Sept. 15, 2023
Culver Academies senior French instructor Angela Barton Haynes spent nearly a month in France this summer brushing up not only on the language but also immersing herself in the country’s ever-changing culture.
“I feel privileged to be at a school that recognizes that the human-to-human connection that we make through culture is something to bring to the forefront to young people. Because it is so motivating,” Haynes said.
Haynes earned her master’s degree in French culture from The Ohio State University, so she has a keen interest in remaining a connoisseur of what’s chic.
She lived in Rennes, in the Brittany section of France, from 1997-2000, teaching at a university there. One might think living in France for three years would make her an expert on all things French. Au contrare mon frere.
She tries to get back as often as possible because she thinks keeping up with ongoing cultural changes helps keep her classes stay avant-garde and more interesting to students. Call it the je ne sais quoi factor.
“It keeps it fresh. Because I’m always learning about how things are evolving in different parts of the world. To have a good professional conscience, I have to do my best to stay aware of what is going on,” said Haynes, who teaches in Culver’s World Languages & Cultures program. “Because the events of today are going to be creating the realities our students are going to be facing down the road,” she said.
“Slang changes. What people are talking about changes. Events change. Part of the impetus for going on this trip in particular was knowing that France was going through a real big cultural change,” she said.
She was particularly interested in returning this summer in the wake of protests this past year after President Emmanuel Macron raised the retirement age from 62 to 64 and after police fatally shot a teenager who refused to comply with a traffic stop in a Paris suburb.
She spent time with Anne-Claire, a physics and chemistry teacher, and her husband, Gilbert, a former philosophy teacher who now does authentic restorations of castles and other historic buildings, and Frankie, who owns a thrift shop housed in what was once a medieval prison.
“I felt lucky to have relationships with people who were from different sides politically so I got to hear how Anne-Claire and Gilbert interpreted the riots and how Frankie, whose business was threatened, interpreted the riots,” she said.
Frankie brought Haynes and her husband, Travis, to Mont-Saint-Michel, a 1,000-year-old abbey that is one of the most popular French destinations outside Paris. Anne-Claire brought Haynes and her husband to the Chateau de Vitre, a medieval castle that overlooks the Vilaine River. Haynes found out that Anne-Claire’s son lives in what was once the castle’s guardhouse, which Gilbert owns and restored.
“Now it’s one of the most photographed pieces of architecture in Vitre. It’s on all sorts of postcards,” Haynes said.
The next day in Rennes, while waiting to meet with former Culver Academies fellow Meaghan Teitelman, who now teaches in Lyon, France, Haynes spotted a teenager wearing a Culver Military Academy T-shirt. She called out to him. She found out he was Polo Thompson ‘25, a student from Ensenada, Mexico, who was staying in Rennes over the summer as part of the School Year Abroad program.

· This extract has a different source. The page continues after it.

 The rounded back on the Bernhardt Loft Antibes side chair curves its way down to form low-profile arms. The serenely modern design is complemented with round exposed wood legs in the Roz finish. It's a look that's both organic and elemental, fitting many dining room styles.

“I’m so grateful that Culver supports students in going abroad. I know it has been transformational for so many students whether it is going on the GPS (Global Pathways Spring) trips or through programs like SYA, IU Honors, or CIEE. Because I think once they see that speaking the language is only part of the equation. Human connections are there to be had despite our perceived challenges with communicating in the language of the country. People are people.”

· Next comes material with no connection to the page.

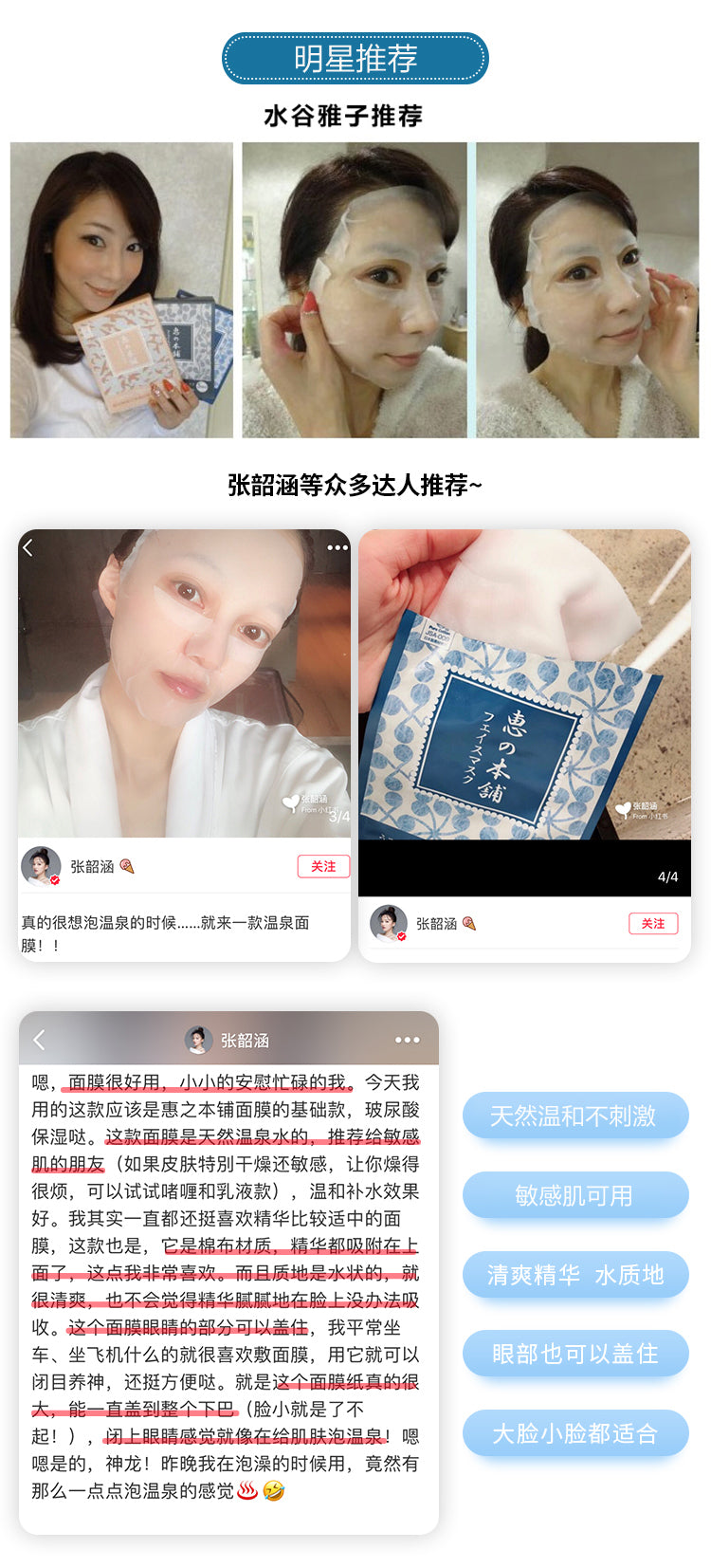 【自营】日本惠之本铺 温泉系美人汤纯净无添加温泉水保湿面膜

Thompson is now in Haynes’ French III class.
Haynes recalls when she was taking her third year of French in high school she felt as though she wasn’t close to mastering the language. She remembers a group of exchange students from France coming to her high school and feeling the same way about English.
But she said meeting those students changed how she felt about the class.
“It was the human-to-human connection. We could understand each other. It was beyond language,” she said.
Haynes was part of a group of students from her high school that was able to go to France as part of that exchange program. She still has a binder full of pictures of the trip, her travel agenda and a note she wrote to her host family. More than 35 years later, she keeps in touch with some of the people she met.
“I hope to further underscore the idea that the connections you make, regardless of your perceived abilities, are connections that can be lifelong,” Haynes said. “One of the things as language teachers we struggle against is people tend to label themselves as, ‘Oh, I’m not good at languages.’ I always respond with, ‘Not yet!’ ”
Haynes said once someone becomes motivated enough, they can learn a language. Which is why she believes going back to France to learn about what is happening there can help motivate students to learn French.
“Although it would be wonderful if all of our students have the opportunity to experience their language in an immersive setting, I feel like the more of my personal anecdotes that I can bring into the classroom, the more students can envision themselves using the language they’re growing here at Culver,” she said.
Because helping students learn to love language is where Haynes finds her joie de vivre.